§ **Brief**
Transcribe word for word the section of the records below that opens with the line containing "De manera separada" and closes with the line containing "dust and pollen."; drop every picture.

§ **Stored data**
------------------------------------
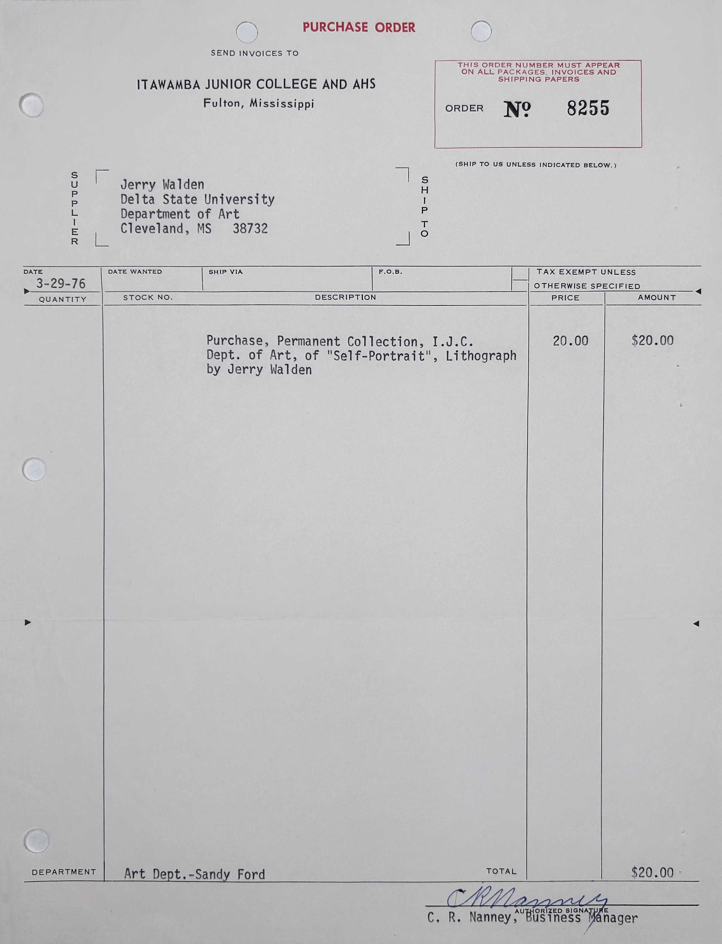 Purchase Order for "Self-Portrait" for the Permanent Collection of Itawamba Junior College,
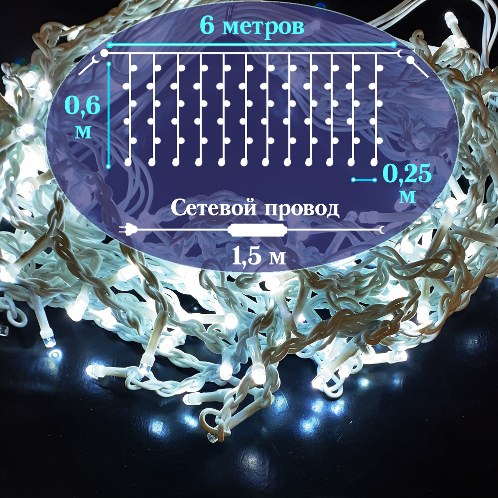 Уличная светодиодная бахрома "Холодный белый" 6х0,6 метра информация:
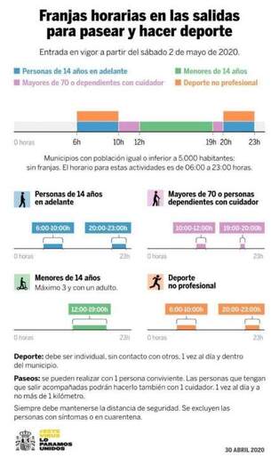 De manera separada y en atención a su especial vulnerabilidad, se definen específicamente las franjas de 10:00 a 12:00 horas y entre las 19:00 y las 20:00 horas para los paseos de personas con necesidades especiales o de mayores de 70 años, con el objetivo de separarles, particularmente, de las salidas de los niños.
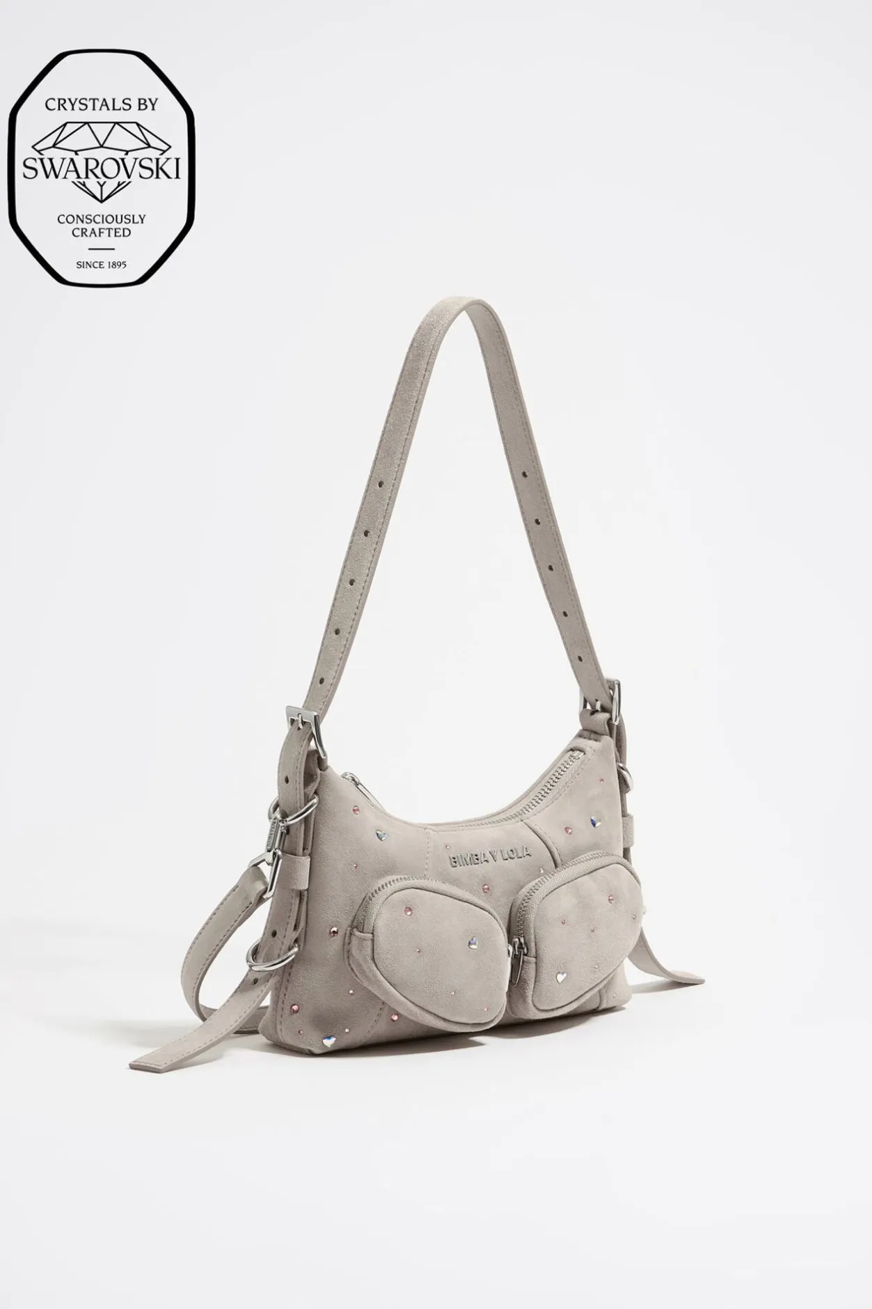 Bolso Hobo Pocket De Piel En Color Piedra Con Cristales De Swarovski. Modelo De TamaÑO Mini, Cierre De Cremallera Y Doble Asa Ajustable, De Hombro Y Bandolera De Piel. Exterior Personalizado Con Logo MetÁLico. Este Modelo Contiene 100% PoliÉSter Reciclado.
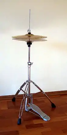 - Triple hi-hat — хэт с 3 тарелками. При игре верхняя и нижняя двигаются одновременно, а средняя остаётся на месте.
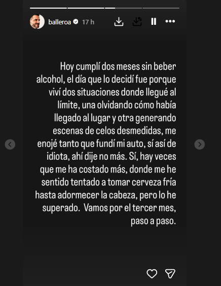 Finalmente, reflexionó en torno a las dificultades que ha enfrentado con esta decisión. “Sí, hay veces que me ha costado más, donde me he sentido tentado a tomar cerveza fría hasta adormecer la cabeza, pero lo he superado. Vamos por el tercer mes, paso a paso”, cerró.
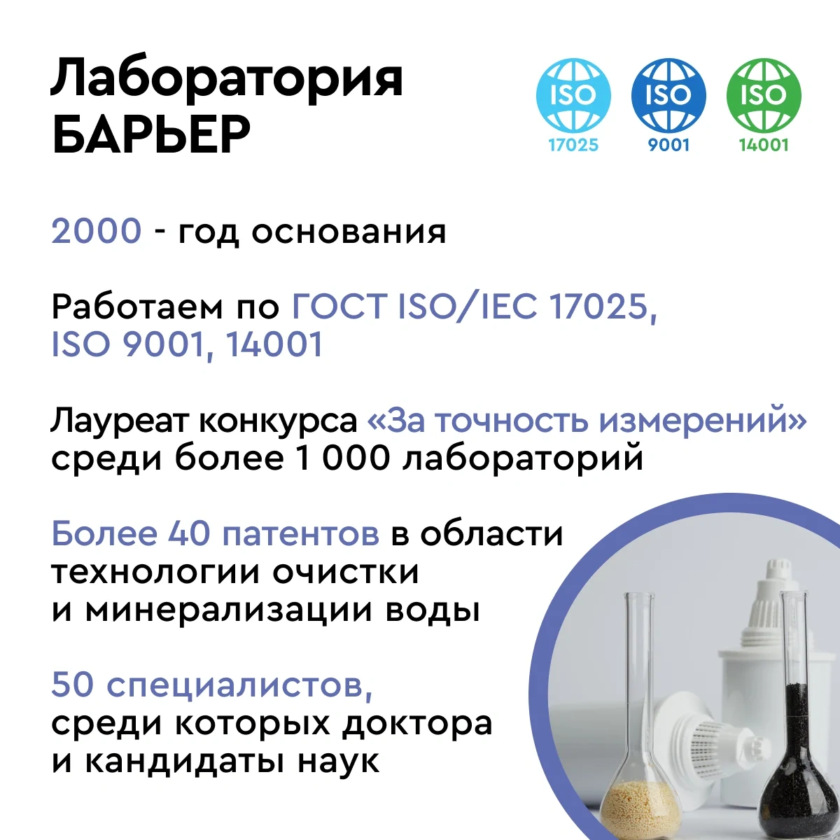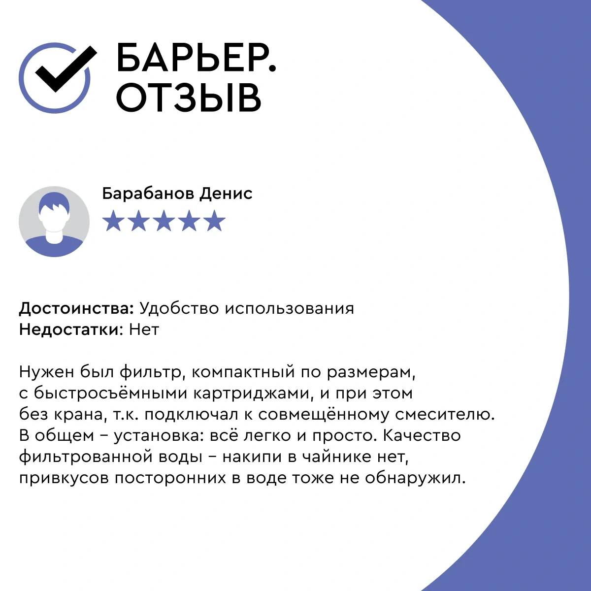 3.'БАРЬЕР ЭКСПЕРТ ПостКарбон' - финишная очистка и кондиционирование, устранение неприятных привкусов и остаточного хлора.
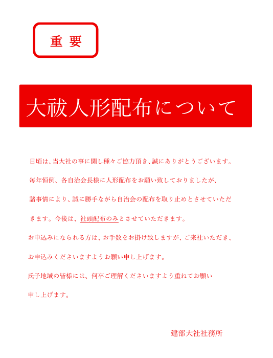 令和8年大祓人形配布について
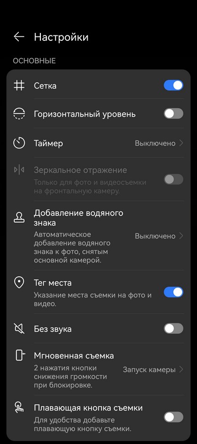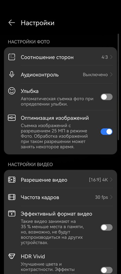 Раздел фото и дополнительные настройки.
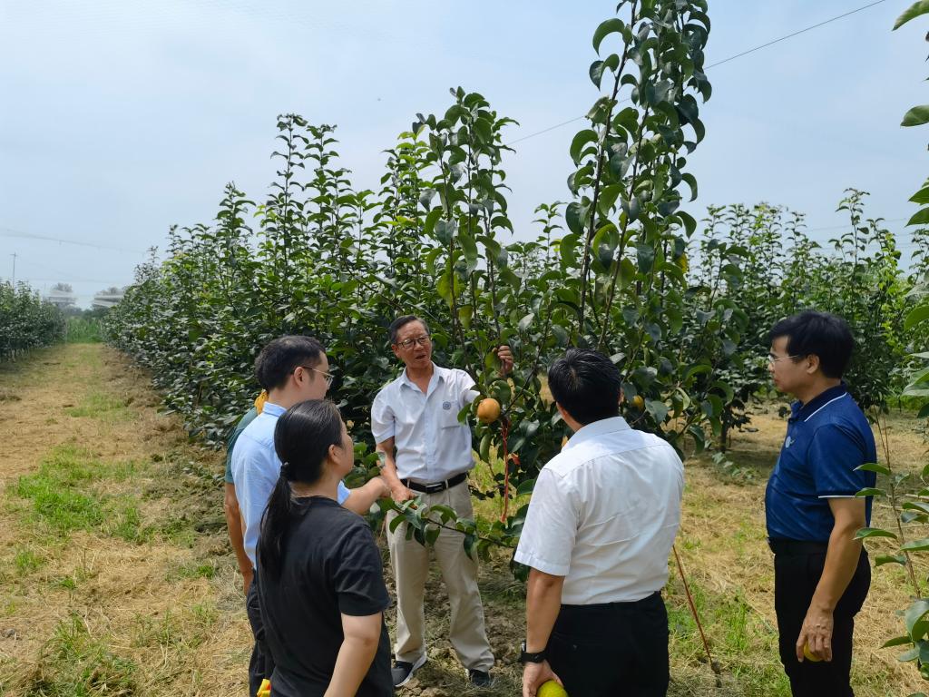 服务团队一行首先来到息县三分田翠冠梨种植基地开展科技服务。针对基地的梨园管理进行了调研和指导,据工作人员反映,梨园管理中由于修剪无人指导,存在梨树树形较乱、虫害严重、梨园杂草较多等问题。服务团对梨园果树生长状况进行了考察后,针对不同生长期的梨树修剪进行了现场示范,并手把手指导梨树修剪,对梨树的害虫危害情况如何配药、如何喷施进行了详细讲解,同时指出梨园应加强肥水管理,保证肥水供应。
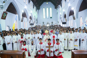 မန္တလေးကက်သလစ်ဂိုဏ်းချုပ်သာသနာ၊ စိန့်ဂျွန်း သာသနာစီရင်စု၌ ပထမကိုယ် တော်မြတ်နှင့် ခရစ္စမား အားပေးခြင်း စက္ကရမင်တူး ခံယူခြင်းမစ္ဆားတရားတော်မြတ်ကို (၃၊၈၊၂၀၂၅) တနင်္ဂနွေနေ့ နံနက် ၈:ဝဝ အချိန်တွင် စိန့်ဂျွန်းဘုရားကျောင်း၌ ဆရာတော်ကြီး မာကု ဦးတင်ဝင်းမှ ဦးဆောင်ပူဇော်ပေးခဲ့ ပါသည်။
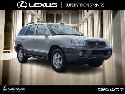 Description: Clean Carfax, Santa Fe GLS 2.7L V6, 2.7L V6 MPI DOHC 24V Federal 173hp, AWD, Pewter/Cool Gray Cladding. Clean CARFAX. Odometer is 55806 miles below market average! 2003 Pewter/Cool Gray Cladding Hyundai Santa Fe GLS 4D Sport Utility Superstition Springs Lexus great selection of new, used vehicles and financing options. Proudly serving the following...0- Sale Price: $9,594
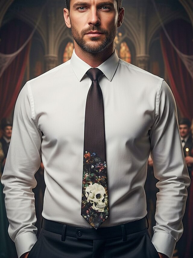 $11.99 - Men's Halloween Novelty Necktie with Skull, Pumpkin and Cat Prints – Fun Party Costume Dress Tie for Festivals and Cosplay 2025. Shop for cheap Halloween Accessories online? Buy at lightinthebox.com on sale today!
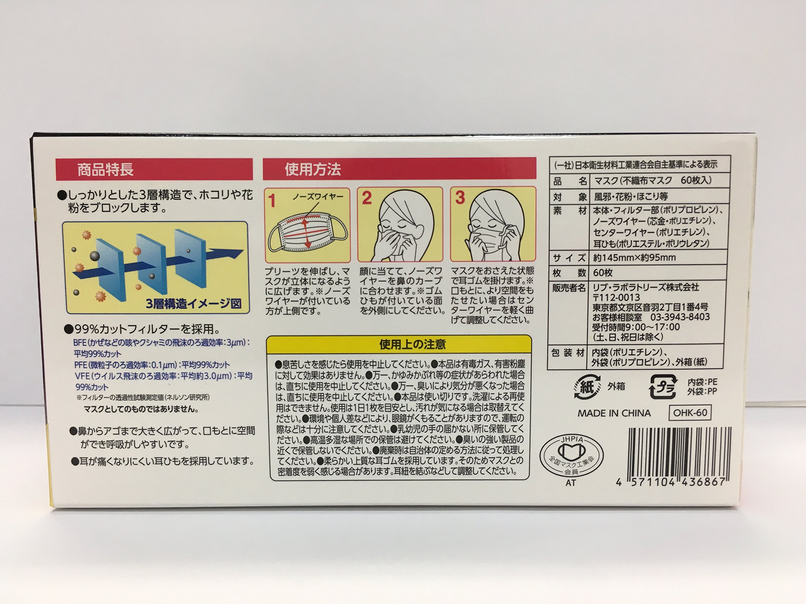 ● With a solid 3-layer structure, it blocks dust and pollen.
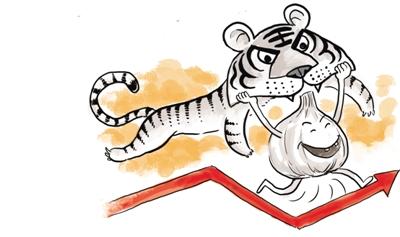 大蒜價格每隔三五年就要大幅波動一回,蒜商飽受其苦,稱“大蒜價格波動起來像老虎吃人”。業(yè)內(nèi)人士因此形容其為“白老虎”。從2010年至2012年又到如今,每一輪物價上漲,“蒜你狠”都是帶頭大哥。這一輪白老虎又撲來,或許還要從貨幣因素上挖掘原因。
------------------------------------
§ **Written response**
 De manera separada y en atención a su especial vulnerabilidad, se definen específicamente las franjas de 10:00 a 12:00 horas y entre las 19:00 y las 20:00 horas para los paseos de personas con necesidades especiales o de mayores de 70 años, con el objetivo de separarles, particularmente, de las salidas de los niños.
 Bolso Hobo Pocket De Piel En Color Piedra Con Cristales De Swarovski. Modelo De TamaÑO Mini, Cierre De Cremallera Y Doble Asa Ajustable, De Hombro Y Bandolera De Piel. Exterior Personalizado Con Logo MetÁLico. Este Modelo Contiene 100% PoliÉSter Reciclado.
 - Triple hi-hat — хэт с 3 тарелками. При игре верхняя и нижняя двигаются одновременно, а средняя остаётся на месте.
 Finalmente, reflexionó en torno a las dificultades que ha enfrentado con esta decisión. “Sí, hay veces que me ha costado más, donde me he sentido tentado a tomar cerveza fría hasta adormecer la cabeza, pero lo he superado. Vamos por el tercer mes, paso a paso”, cerró.
 3.'БАРЬЕР ЭКСПЕРТ ПостКарбон' - финишная очистка и кондиционирование, устранение неприятных привкусов и остаточного хлора.
 令和8年大祓人形配布について
 Раздел фото и дополнительные настройки.
 服务团队一行首先来到息县三分田翠冠梨种植基地开展科技服务。针对基地的梨园管理进行了调研和指导,据工作人员反映,梨园管理中由于修剪无人指导,存在梨树树形较乱、虫害严重、梨园杂草较多等问题。服务团对梨园果树生长状况进行了考察后,针对不同生长期的梨树修剪进行了现场示范,并手把手指导梨树修剪,对梨树的害虫危害情况如何配药、如何喷施进行了详细讲解,同时指出梨园应加强肥水管理,保证肥水供应。
 မန္တလေးကက်သလစ်ဂိုဏ်းချုပ်သာသနာ၊ စိန့်ဂျွန်း သာသနာစီရင်စု၌ ပထမကိုယ် တော်မြတ်နှင့် ခရစ္စမား အားပေးခြင်း စက္ကရမင်တူး ခံယူခြင်းမစ္ဆားတရားတော်မြတ်ကို (၃၊၈၊၂၀၂၅) တနင်္ဂနွေနေ့ နံနက် ၈:ဝဝ အချိန်တွင် စိန့်ဂျွန်းဘုရားကျောင်း၌ ဆရာတော်ကြီး မာကု ဦးတင်ဝင်းမှ ဦးဆောင်ပူဇော်ပေးခဲ့ ပါသည်။
 Description: Clean Carfax, Santa Fe GLS 2.7L V6, 2.7L V6 MPI DOHC 24V Federal 173hp, AWD, Pewter/Cool Gray Cladding. Clean CARFAX. Odometer is 55806 miles below market average! 2003 Pewter/Cool Gray Cladding Hyundai Santa Fe GLS 4D Sport Utility Superstition Springs Lexus great selection of new, used vehicles and financing options. Proudly serving the following...0- Sale Price: $9,594
 $11.99 - Men's Halloween Novelty Necktie with Skull, Pumpkin and Cat Prints – Fun Party Costume Dress Tie for Festivals and Cosplay 2025. Shop for cheap Halloween Accessories online? Buy at lightinthebox.com on sale today!
 ● With a solid 3-layer structure, it blocks dust and pollen.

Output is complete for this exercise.